L’élection de Joseph Aoun, ancien chef de l’armée libanaise, à la présidence du Liban marque un tournant significatif pour un pays confronté à des crises multiples. Après plus de deux ans de vacance du pouvoir, cette désignation suscite des espoirs sur les plans politique, économique et sécuritaire, tout en attirant un soutien international massif.
Soutien des États-Unis et de l’Union européenne
Le président américain Joe Biden a salué cette élection comme un choix stratégique pour le Liban. Dans une déclaration officielle, Biden a qualifié Aoun de « leader approprié pour ce moment critique », en insistant sur son rôle clé dans la supervision du cessez-le-feu entre Israël et le Hezbollah. Il a également souligné l’importance d’un leadership stable pour conduire les réformes nécessaires et restaurer la confiance des bailleurs internationaux.

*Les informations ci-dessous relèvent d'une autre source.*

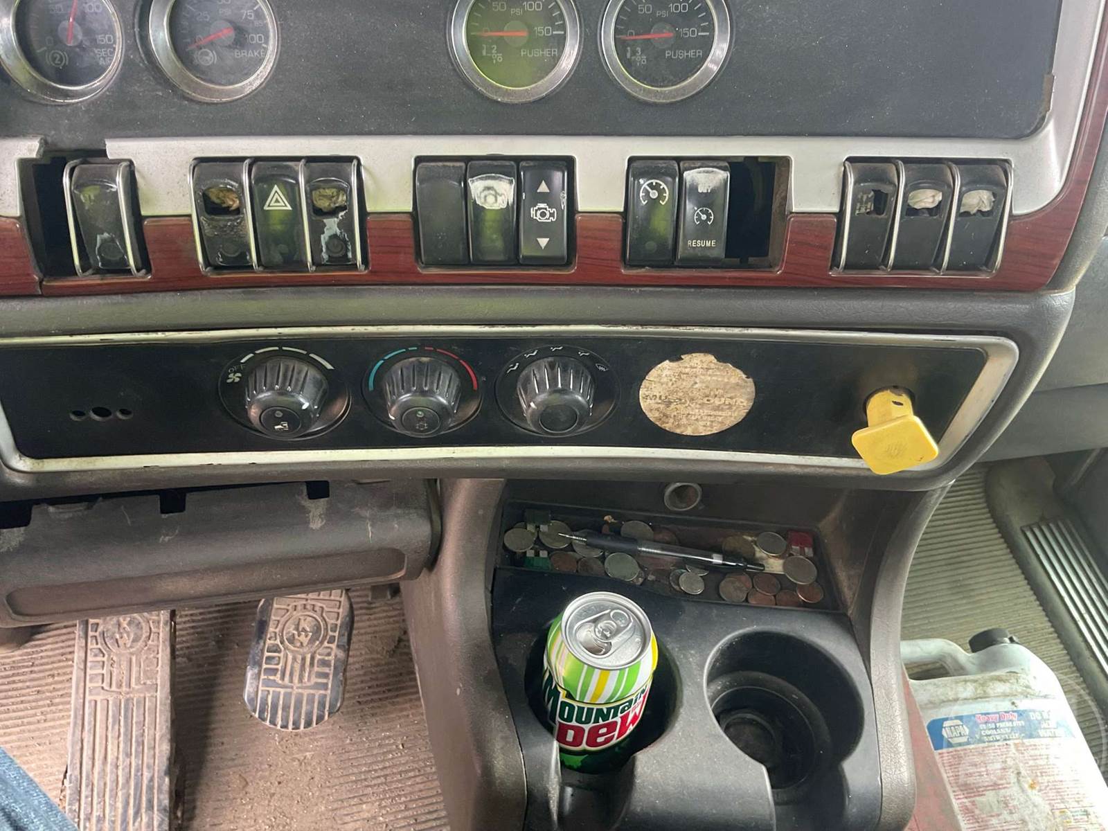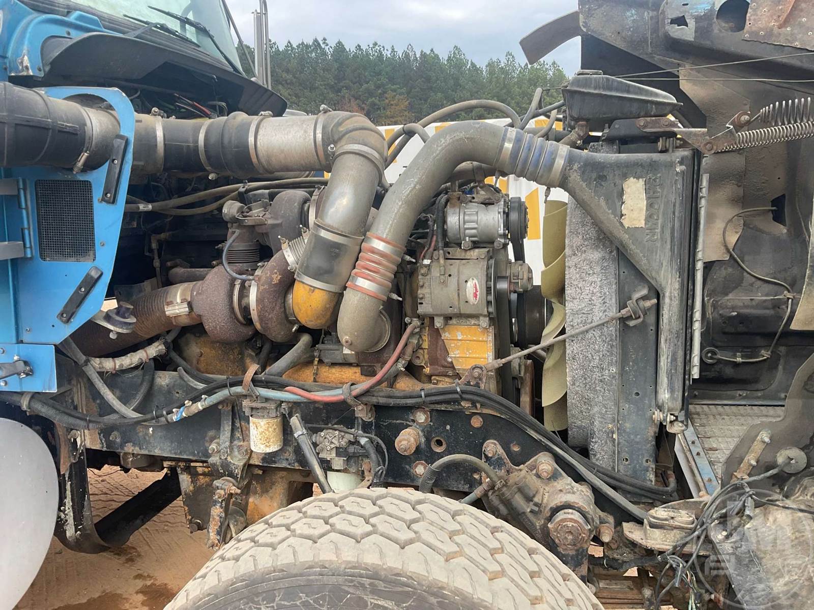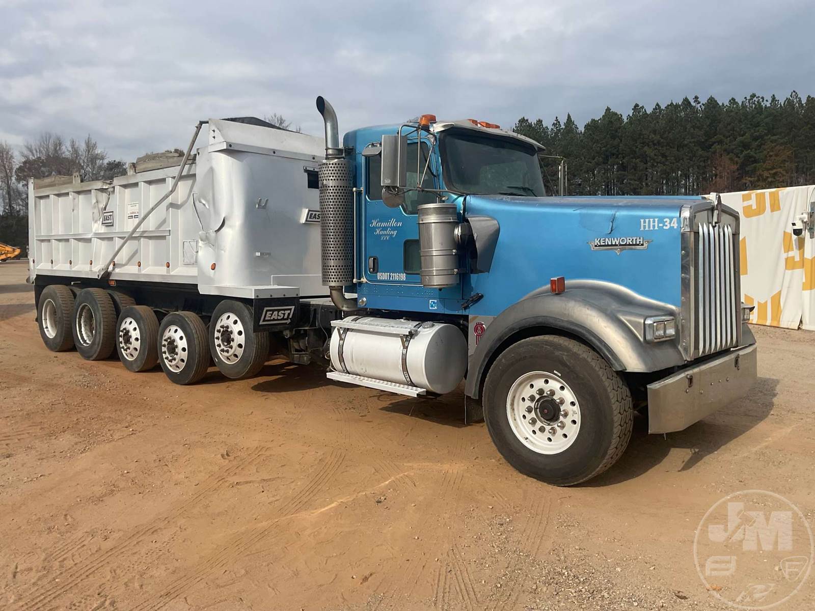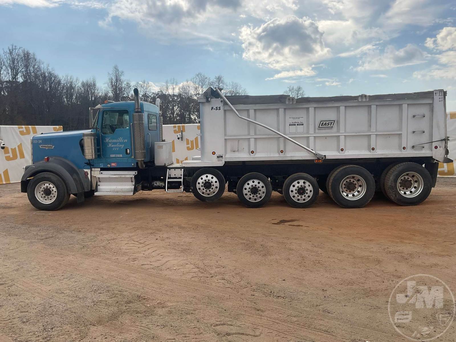 QUINT AXLE DUMP TRUCK, CATERPILLAR, C-15, EATON FULLER, 18 SPEED, AIR BRAKES, AIR RIDE SUSPENSION, LIFT AXLE, 272" " WB, 18K FRONTS, DOUBLE FRAME, ENGINE BRAKE, DIFF LOCK, CRUISE CONTROL, A/C, POWER DOOR LOCKS, EAST, 22', ALUM, DUMP BODY, SPREADER APRON, TARP, AIR GATE, MANUAL GATE, 80000 GVWR, ALL ALUMINUM WHEELS, 385/65R22.5 STEER TIRES, 11R24.5 TIRES, 57K REARS, STEERABLE LIFT AXLE, ***OIL LEAK***, ODOMETER READS: 811619

Antony Blinken, secrétaire d’État américain, a qualifié cet événement de « moment d’opportunité historique », réitérant l’engagement des États-Unis à accompagner le Liban sur le chemin de la paix et de la stabilité durable.
L’Union européenne, par la voix de Kaja Kallas, a également exprimé son soutien à cette élection. La responsable européenne a insisté sur la nécessité de former rapidement un gouvernement capable de répondre aux attentes des citoyens et d’engager les réformes tant attendues. Selon elle, cette étape offre une opportunité pour stabiliser le Liban et relancer les relations avec les partenaires internationaux.
Réactions de la France et du président Emmanuel Macron
Le président français Emmanuel Macron a qualifié l’élection de Joseph Aoun de « cruciale », soulignant qu’elle pourrait restaurer la souveraineté et la prospérité du Liban. Macron a annoncé son intention de visiter Beyrouth prochainement pour réaffirmer le soutien de la France au peuple libanais. Il a également exprimé sa confiance dans la capacité de Joseph Aoun à conduire un dialogue national inclusif et à former un gouvernement apte à mener les réformes nécessaires.
Cette position s’inscrit dans la continuité de l’engagement historique de la France envers le Liban, un pays avec lequel elle partage des liens étroits depuis le mandat français après la Première Guerre mondiale.
Le défi des réformes économiques et sociales
L’élection de Joseph Aoun intervient alors que le Liban est plongé dans une crise économique sans précédent. La monnaie nationale a perdu plus de 90 % de sa valeur depuis 2019, et une grande partie de la population vit sous le seuil de pauvreté. Le nouveau président devra s’atteler à des réformes structurelles pour répondre aux conditions des bailleurs internationaux, notamment le Fonds monétaire international (FMI), qui exige des mesures drastiques pour débloquer une aide financière cruciale.
Ces réformes incluent la restructuration du secteur bancaire, la lutte contre la corruption, et l’amélioration des infrastructures publiques, notamment dans les domaines de l’électricité et de l’eau. La tâche s’annonce ardue, d’autant plus que le pays reste profondément divisé sur le plan politique.
La dimension sécuritaire : maintenir le cessez-le-feu
Sur le plan sécuritaire, Joseph Aoun devra gérer les tensions récurrentes au sud du Liban, une région marquée par des affrontements réguliers entre Israël et le Hezbollah. Le fragile cessez-le-feu en place depuis la fin de l’année dernière nécessite une attention constante pour éviter une escalade.
L’armée libanaise, sous la direction de Joseph Aoun, a déjà joué un rôle central dans le maintien de la sécurité interne et dans la gestion des relations avec les forces de la FINUL (Force intérimaire des Nations unies au Liban). Sa réputation de neutralité et son expérience sur le terrain sont des atouts qui pourraient l’aider à naviguer dans ce contexte complexe.
Réactions des pays du Moyen-Orient
Plusieurs pays de la région ont également salué l’élection de Joseph Aoun. Le Qatar, la Turquie et l’Autorité palestinienne ont exprimé leur espoir de voir cette transition politique contribuer à la stabilité du Liban. Mahmoud Abbas, président palestinien, a déclaré que sous la direction d’Aoun, le Liban pourra surmonter les répercussions des conflits récents et avancer vers la prospérité.
La Russie a également souligné l’importance de cette élection pour renforcer la stabilité politique du Liban et améliorer sa situation socio-économique. Ces déclarations reflètent une volonté régionale et internationale de voir le Liban renouer avec une trajectoire de progrès.
Un mandat sous haute surveillance internationale
Joseph Aoun devra rapidement démontrer sa capacité à unir les différentes factions politiques libanaises et à mobiliser un consensus pour les réformes. Son élection est perçue comme un premier pas positif, mais les défis à venir sont immenses. La communauté internationale, tout en offrant son soutien, suivra de près les actions du nouveau président et de son gouvernement.